First we’re given those Your Pregnancy Week by Week roadmaps, and we get used to being told what our baby’s doing, how he’s developing, and what size fruit he is. Then the baby arrives, and the “helpful” emails continue, only now they’re about how your 3-week-old might be smiling by now or how most 4-month-olds are rolling over. We read the fine print at the bottom about how every baby develops at his own pace, and we know it’s true intellectually, but we don’t internalize it emotionally. We secretly want our bundle of joy to be an overachiever, or at least a middle-of-the-pack kid. If his development falls behind that month’s email guidelines, we fret. We can’t help ourselves.
But we know better, which is why when a researcher calls to survey mothers of babies younger than 18 months old, we answer “correctly,” not necessarily honestly.

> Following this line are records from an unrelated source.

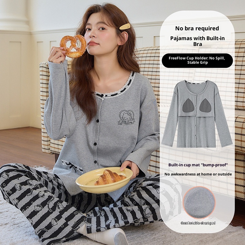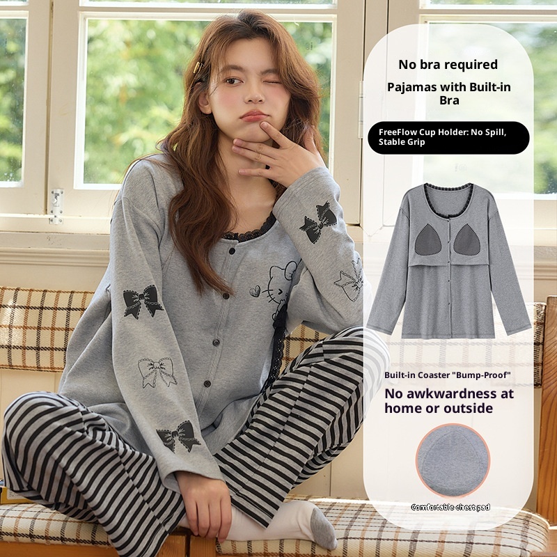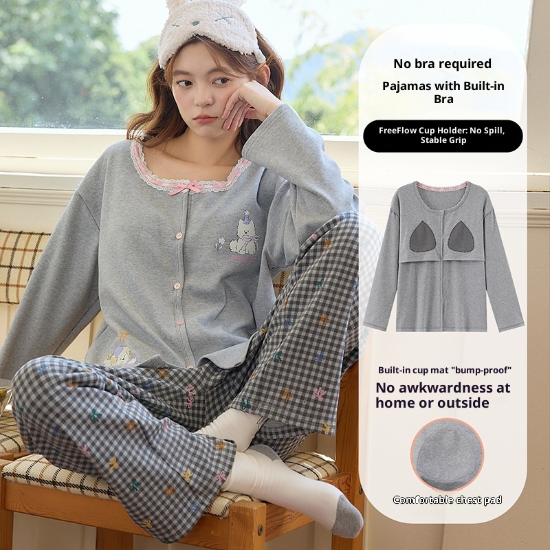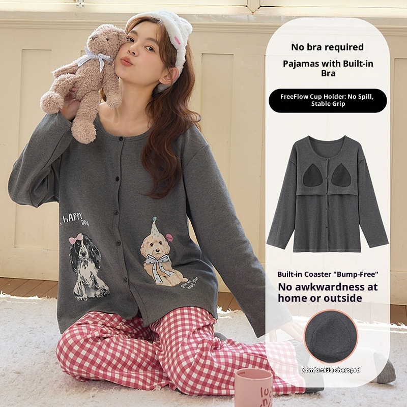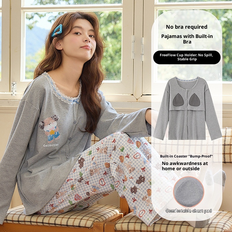 ChicShe Autumn Winter Pajamas For Women 2025 Pure Cotton Cardigan Long Sleeve Set With Chest Pads, Simple Loose Homewear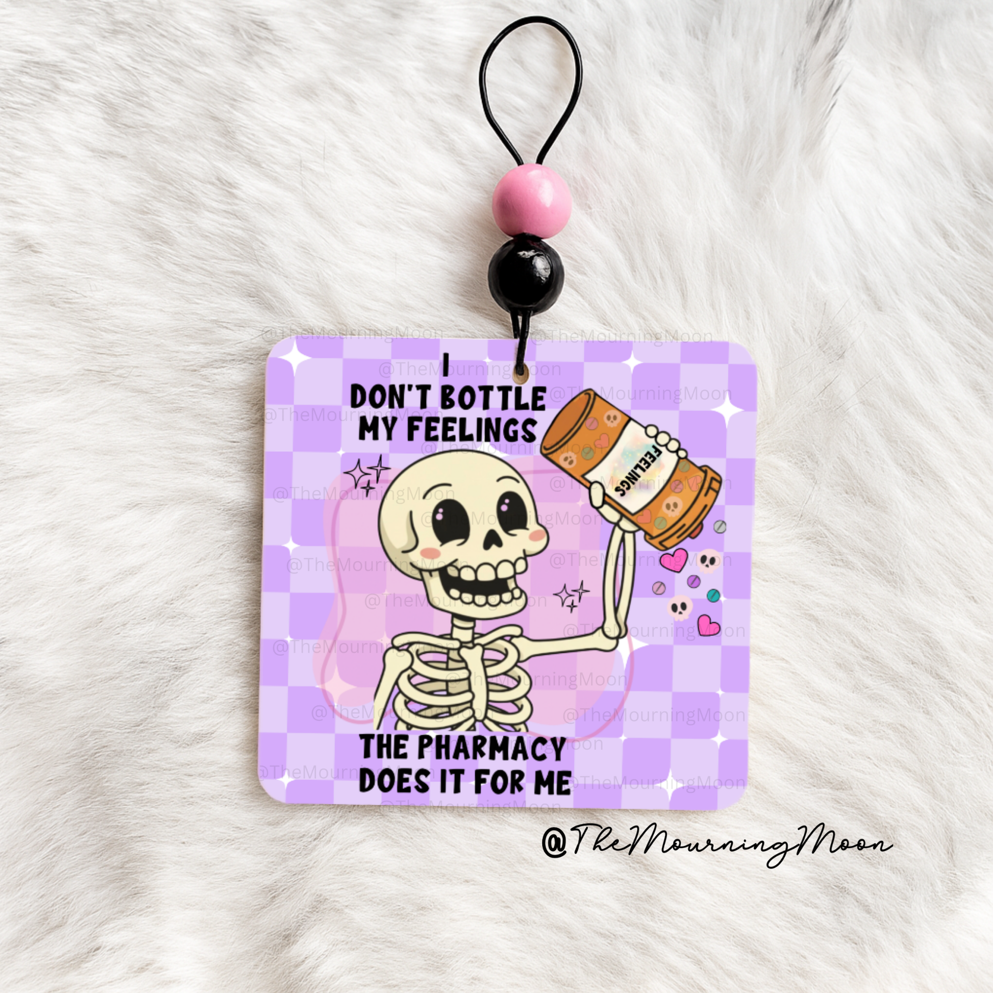 I don’t bottle my feelings, the pharmacy does air freshener - car freshie - scented - skeleton - spooky - pastel goth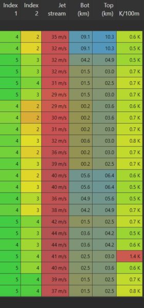 ¤ Les trois colonnes suivantes Low-Mid-High : Ce sont les nuages en général dans le ciel. Une valeur de 0 ou bleu foncé indique un ciel totalement dégagé, alors que 100 ou gris clair est un ciel couvert. Il y a trois colonnes pour les différentes altitudes.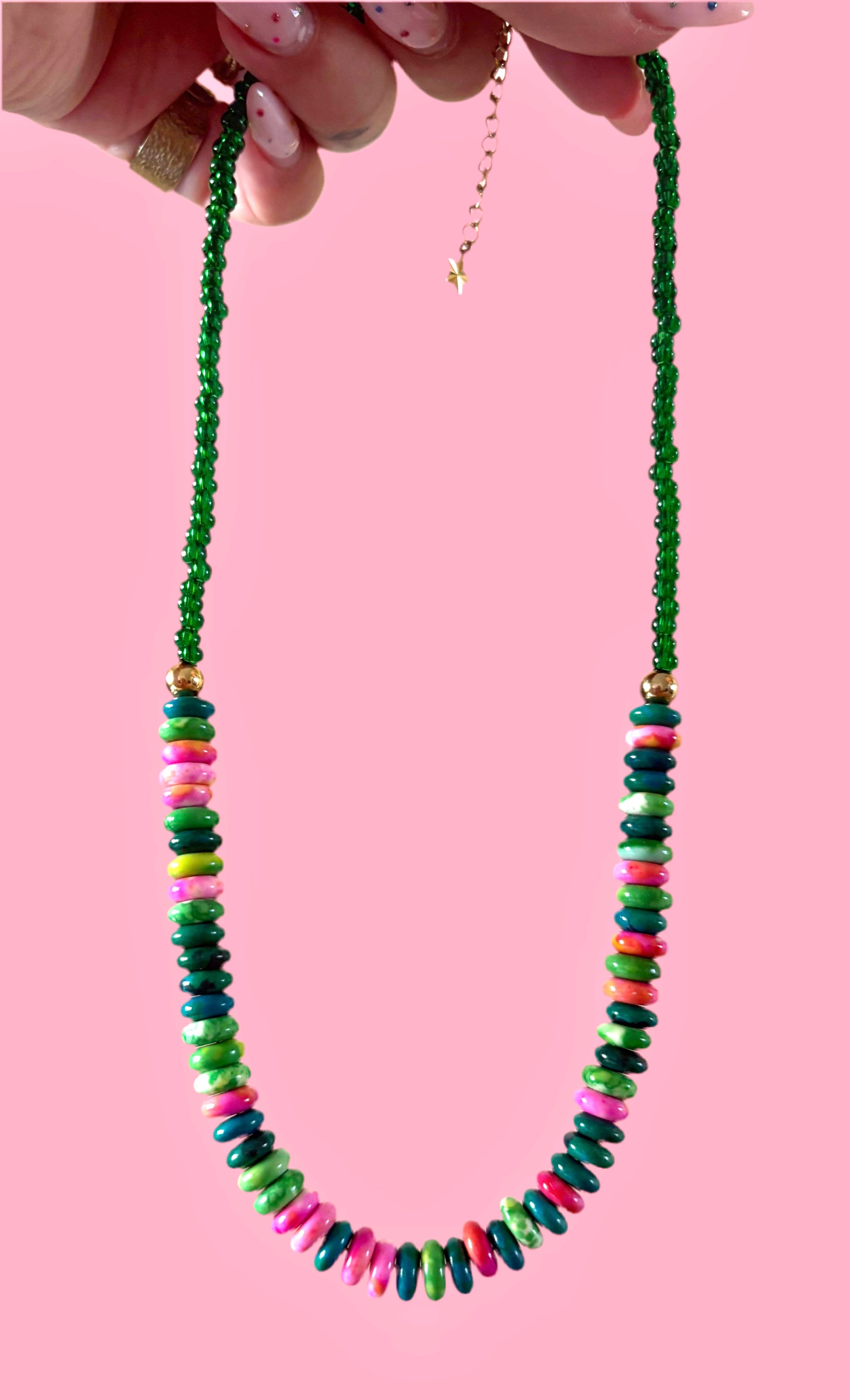 Mooie ketting gemaakt van glas en keramiek kralen.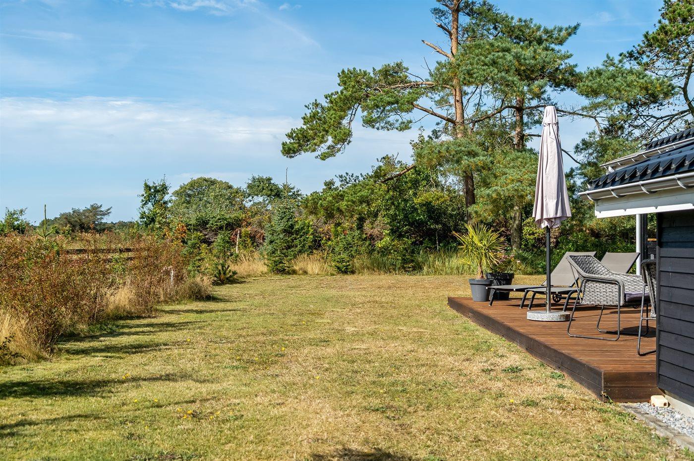 Ferieboligen er beliggende på en 1229 m² stor havegrund. Grunden er indhegnet. Der er 880 m til havet. Nærmeste forretning er beliggende i en afstand af 6000 m. Der er en golfbane i en afstand af 11000 m. Til ferieboligen hører åbent terrasseareal. Desuden er der overdækket terrasse. Bålsted. Grill til rådighed. Der er installeret stik til opladning af elbil. Type 2 stik. Med 11 kW ladeeffekt. Parkering ved ferieboligen.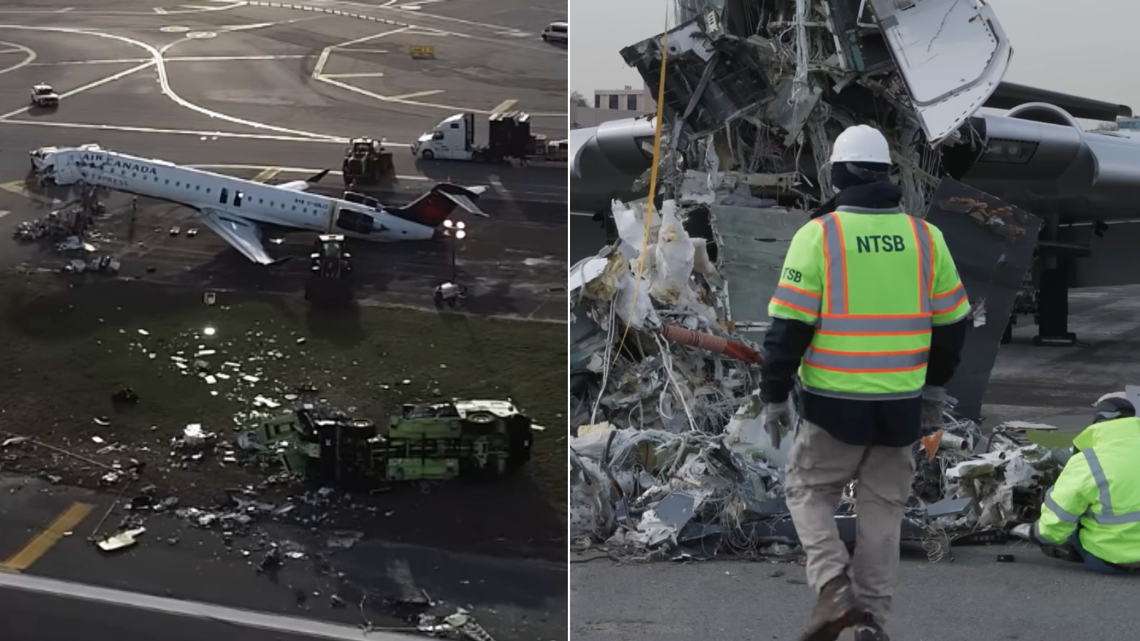 Unglück von Air Canada in LaGuardiaNeues Video zeigt Wrack der Bombardier CRJ 900 aus der Luft und aus der Nähe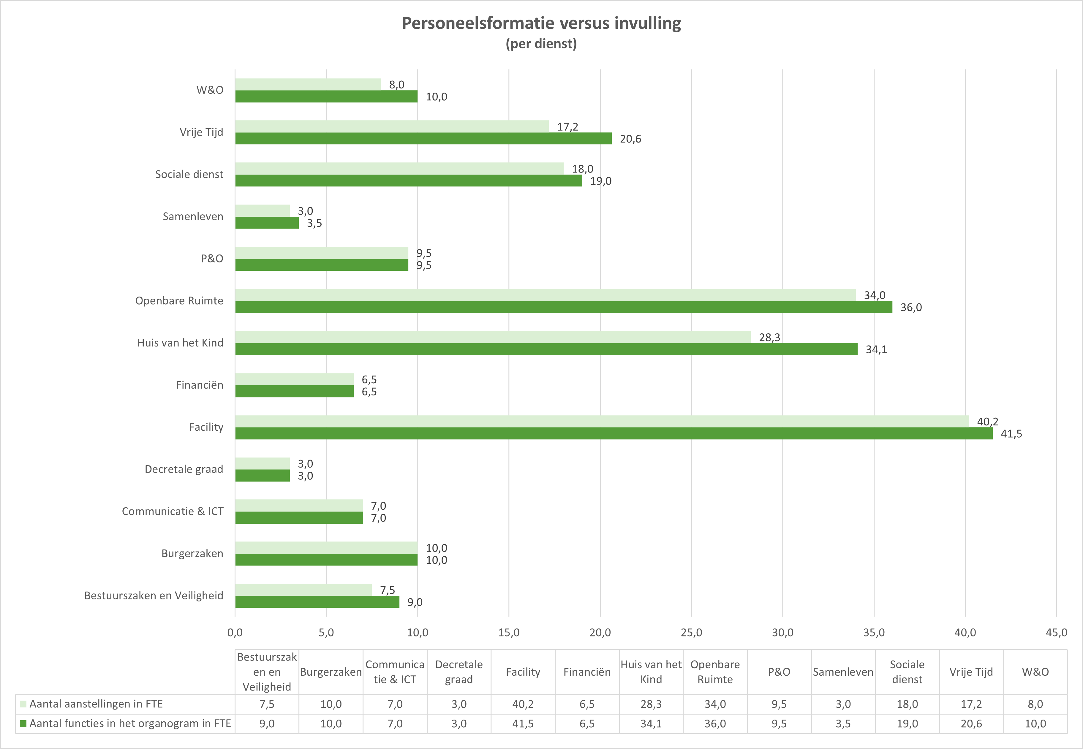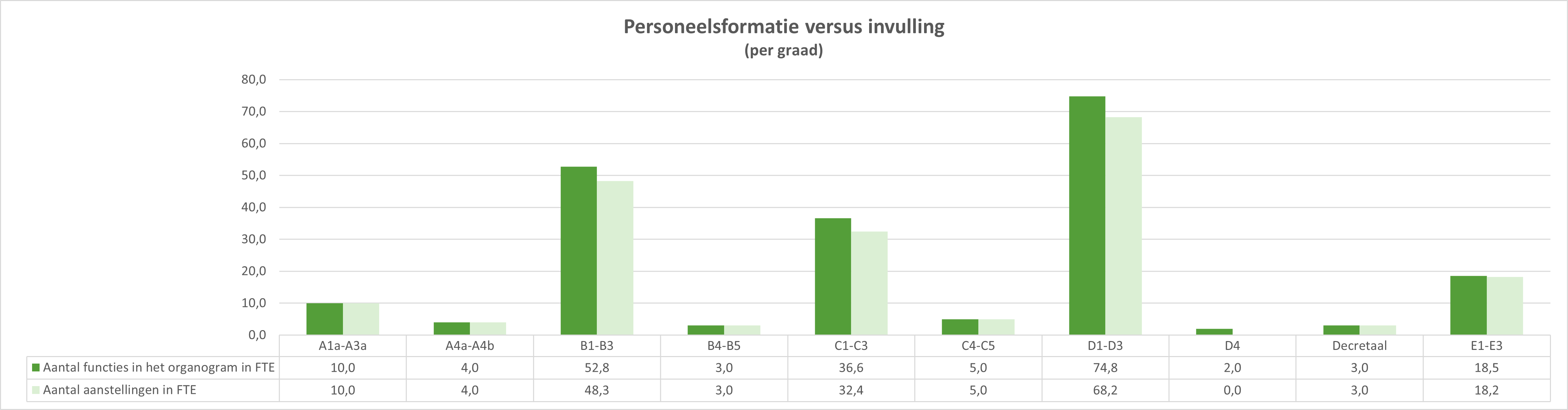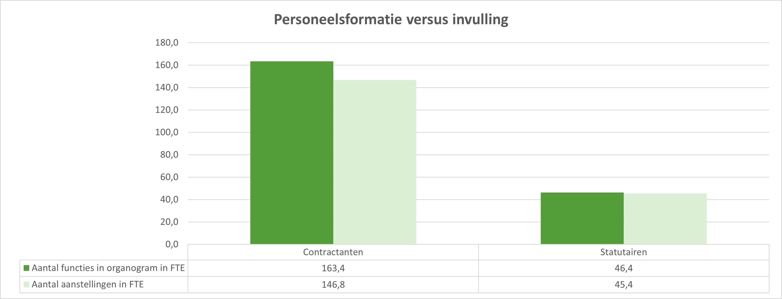 Onderstaande grafieken geven een beeld van de personeelsformatie (organogram) tegenover de daadwerkelijke invulling ervan. Het verschil tussen beide zijn de (openstaande) vacatures.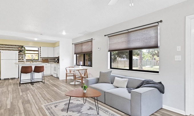 Close to Sebastian Riverfront, Skydiving, Beaches and more. Perfect place for a couples, solo traveler or business traveler. 1 Bedroom, 1 Bathroom unit includes wireless internet, two smart TVs with cable, washer and dryer and huge fenced yard for relaxing. Boat parking available and perfect for a pet. Shared driveway. Attached to main house. Has separate private entrance.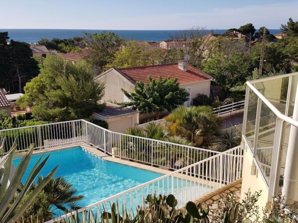 4-Zimmer-Haus 110 m2. Komfortabel und schön eingerichtet: Wohn-/Esszimmer 50 m2 mit offenem Kamin (nur Deko), TV (Flachbildschirm). Ausgang zur Terrasse, Richtung Südosten. 3 Zimmer, jedes Zimmer mit 1 franz. Bett (140 cm, Länge 190 cm). Küche (Backofen, Geschirrspüler, 4 Glaskeramikplatten, Mikrowelle, Tiefkühler, elektrische Kaffeemaschine, Kapseln für die Kaffeemaschine (nespresso) extra). Ausgang zur Terrasse, Richtung Westen. Dusche, sep. WC. E-Heizung, Klimaanlage. Grosser Garten 700 m2. Terrassenmöbel, Gartengrill. Sehr schöne Sicht auf das Meer und das Schwimmbad. Zur Verfügung: Waschmaschine, Haartrockner. Internet (Wireless LAN, gratis). Parkplatz (eingezäunt). Bitte beachten: Rauchmelder. Inserat einer Privatperson nach Artikel 155, IV, CGI. 85068621300016

That’s the only way I can explain how 25 percent of moms surveyed say they don’t worry about how their child will progress developmentally, whereas just 9 percent of dads say they don’t worry.
And 64 percent of moms say they are “calm, cool and collected” about their child reaching developmental milestones, whereas only 43 percent of dads say they are all zen about their kid’s progression toward being a walking, talking, tantrum-prone toddler.
But perhaps the greatest evidence of skewed reality is shown by the “neurotic” numbers:  12 percent of dads label themselves “neurotic” when it comes to how much they worry about their child meeting proper developmental milestones. Know how many neurotic moms are out there, according to the survey? Only 1 percent.
Yeah, right.
Look I’m not saying all moms are anxious about their child’s development and second-guess their own approaches toward helping that development along. (Noooooo...) And I’m not saying dads aren’t interested in their baby’s development or that they’re not taking an active approach toward helping Junior learn how to sit up and eat with a spoon. In fact, I think they are much better at balancing realistic expectations with slightly irrational parental concern. But the online juggernaut Babycenter.com boasts that it reaches more than 8 million U.S. moms each month with its email updates on developmental milestones and other parenting-related articles and tips. Know how many dads it reaches? So few that it doesn’t even mention them.
We moms are arsenals of knowledge and anxiety. It’s our privilege, our job, our guilt-spewing cross to bear. And all that knowledge means we’re also smart enough to know we shouldn’t be neurotic, which is why only 1 percent of us is. Wink.

Robyn Passante is a freelance writer and mother of two young boys who are developing just fine, according to the latest Babycenter emails.

1 comment:

JJ said...

I'm one of the handful of dads who gets the BabyCenter emails, but I have to admit I stopped reading them a long time ago precisely because of the anxiety they were beginning to cause when Truman wasn't on their arbitrary developmental curve.

He's 9 months now and has only recently shown a passing interest in crawling, doesn't really care to eat solid foods other than yogurt and Baby Mum-Mums and always seems to be at least a month behind the other kids at daycare with his physical development.

And as long as the doctor keeps saying everything is cool at his check-ups, that's fine with me.